Stop Emotional Eating in Three Steps
Do you often feel driven to eat when you aren't hungry? Do you tend to eat more when you feel anxious,
depressed, restless or bored? This is called "emotional eating" and most of us have done it at least once. Some of
us, however, take it to the extreme and make it an ongoing habit all day, every day.
The problem with emotional eating is that it creates a vicious cycle that never resolves anything. With physical
hunger, you feel hungry, you eat, you feel satisfied, and the need to eat dissipates until your body needs more
fuel. With emotional hunger, that satisfaction is never achieved because eating cannot resolve emotional
issues.
So you feel restless, anxious, bored, depressed, or sad, and you start craving cookies or potato chips to soothe
yourself. Eating may distract you from the negative feelings for a few minutes, but when you stop eating, they are
still there. So you keep eating more and more to try to feel better, but it doesn't work.
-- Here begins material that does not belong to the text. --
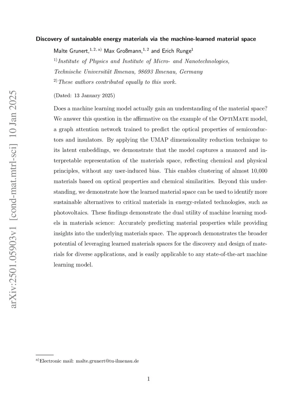 Does a machine learning model actually gain an understanding of the material space? We answer this question in the affirmative on the example of the OptiMate model, a graph attention network trained to predict the optical properties of semiconductors and insulators. By applying the UMAP dimensionality reduction technique to its latent embeddings, we demonstrate that the model captures a nuanced and interpretable representation of the materials space, reflecting chemical and physical principles, without any user-induced bias. This enables clustering of almost 10,000 materials based on optical properties and chemical similarities. Beyond this understanding, we demonstrate how the learned material space can be used to identify more sustainable alternatives to critical materials in energy-related technologies, such as photovoltaics. These findings demonstrate the dual utility of machine learning models in materials science: Accurately predicting material properties while providing insights into the underlying materials space. The approach demonstrates the broader potential of leveraging learned materials spaces for the discovery and design of materials for diverse applications, and is easily applicable to any state-of-the-art machine learning model.

Stopping emotional eating is easier than you think, but it does require a bit of courage and persistence. Start
with these three steps:
1) What do you really want?
Your craving for potato chips or cookies is just a mask for something deeper you're craving. It might be that
you're really craving some quiet time to yourself, or a hug, or a greater sense of fulfillment in your work. The
best way to tell what you really want is to sit with your craving for food and follow it a bit deeper. Ask
yourself, "If I could have anything I wanted right now besides food, what would I ask for?"
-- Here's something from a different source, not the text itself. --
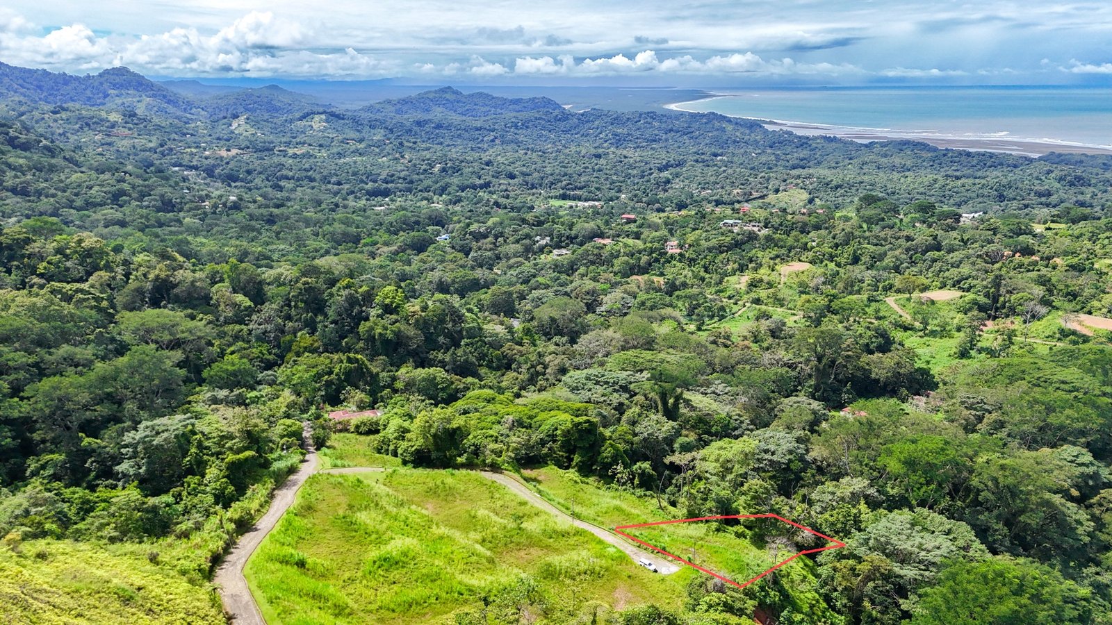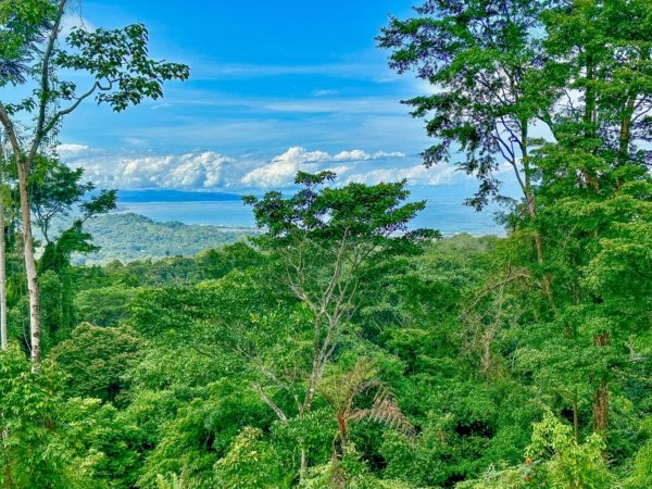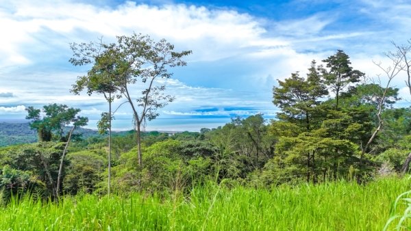 Arguably, the selling point of this 873sqm lot is its elevated location. The land towers above other Phase 6 community properties and offers spectacular vistas. Whitewater Pacific shores, Isla Garza, Térraba River delta, Caño Island, and the wilds of Osa Peninsula & Corcovado National Park can be glimpsed from the property. Behind the land and all around, lush rainforests and thick canopies stretch for miles. The coastal mountains tower 1,000 meters or 3,300 feet above the surrounds – their nearly vertical slopes are covered with jungles and cloud forests. This is where the jaguars and tapirs roam. The green season brings cascading waterfalls, some hundreds of meters in height.

2) Satisfy the true craving.
If you can figure out what you're really craving (hint: it's almost always a positive emotional quality like
inner peace, satisfaction, love, etc.), find a way to give that to yourself. If you discover that you're really
craving some quiet time to yourself, do what you can to grant it. You may have to do a bit of rearranging of your
schedule to make it work.
Also note that you may not be able to satisfy all of your true cravings immediately. For example, if you find
that you're really craving a loving relationship but you don't yet have that, you can at least quiet the yearning
by loving yourself - do nice things for yourself, buy yourself something, do things to make yourself feel happy
like you would if you had the relationship. That alone will usually help calm the emotional turbulence enough so
that the craving for food decreases.
3) Clarity and conviction.
Even if you can't figure out what you really want and the desire for food is persistent, simply acknowledge that
it's an emotional craving, not a physical one, and make a firm decision to eat only when physical hunger is
present. Whenever you feel a desire to eat, ask yourself, "Am I really hungry right now?
Physically hungry?" If so, eat. If not, decide that you will handle your emotional needs separately, without
bringing food into the picture. This approach takes a bit of inner strength and conviction, but it is extremely
effective once you get the hang of it.